Canine adipose tissue-derived (cAT)-MSCs were cultured in Dulbecco's modified Eagle's medium (DMEM; Welgene, Gyeongsan-si, Korea), supplemented with 10% fetal bovine serum (FBS; Gibco, Billings, MT, USA) and 1% penicillin/streptomycin (PS; PAN-Biotech, Aidenbach, Germany). DH82, a canine macrophage cell line, was purchased from the American Type Culture Collection (ATCC number: CRL-10389; Manassas, VA, USA) and maintained in DMEM with 15% FBS and 1% PS. All cells were incubated at 37°C and 5% CO2. The medium was changed every 2–3 days, and the cells were subcultured when they reached 70–80% confluence. cAT-MSCs from the third passage were used for all subsequent experiments.

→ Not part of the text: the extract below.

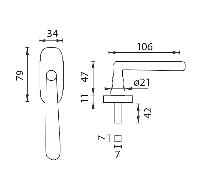 Rozeta má rozměry 34 mm x 79 mm a tloušťku 11 mm.
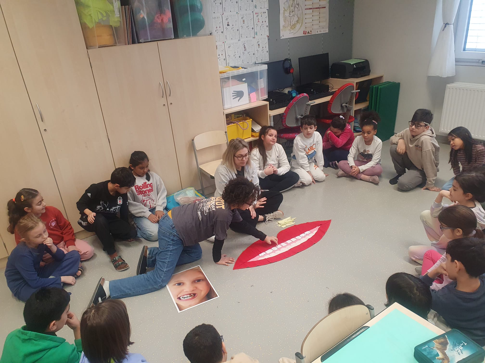 Am selben Tag erfuhren wir von Klaudia alles über Milchzähne und bleibende Zähne und wann man eine Zahnspange bekommt.

2.4. Isolation and characterization of cAT-MSCs

Canine adipose tissues were obtained from three healthy adult female dogs undergoing ovariohysterectomy at the Seoul National University Veterinary Medical Teaching Hospital (SNU VMTH) under a protocol approved by the Institutional Animal Care and Use Committee (IACUC) of SNU (protocol no. SNU-220818-1). MSC isolation and culture were performed as previously described (29). Adipose tissue samples were washed with Dulbecco's phosphate-buffered saline (DPBS; Welgene) supplemented with 1% PS, disintegrated using sterilized scissors, treated with collagenase type IA (0.1%; Gibco), and incubated at 37°C for 1 h. After incubation, tissue sample neutralization was performed using DMEM supplemented with 10% FBS. The neutralized samples were centrifuged at 1,200 × g for 5 min, and the pellet was passed through a 70-μm cell strainer (Thermo Fisher Scientific, Waltham, MA, USA) and again centrifuged at 1,200 × g for 10 min. To remove the remaining red blood cells, the pellet was resuspended in RBC lysis buffer (Sigma-Aldrich, St. Louis, MO, USA), incubated at room temperature for 5 min, washed with DPBS, and centrifuged at 1,200 × g for 5 min. After removing the supernatant, the pellets were resuspended in DMEM with 10% FBS and 1% PS and seeded at a density of 3,000 cells/cm2 in 100 mm cell culture dishes. Cells were maintained at 37°C in 5% CO2 and the medium was replaced every 2–3 days. Subculture was performed when cells exhibiting fibroblast-like morphology reached 70–80% confluence.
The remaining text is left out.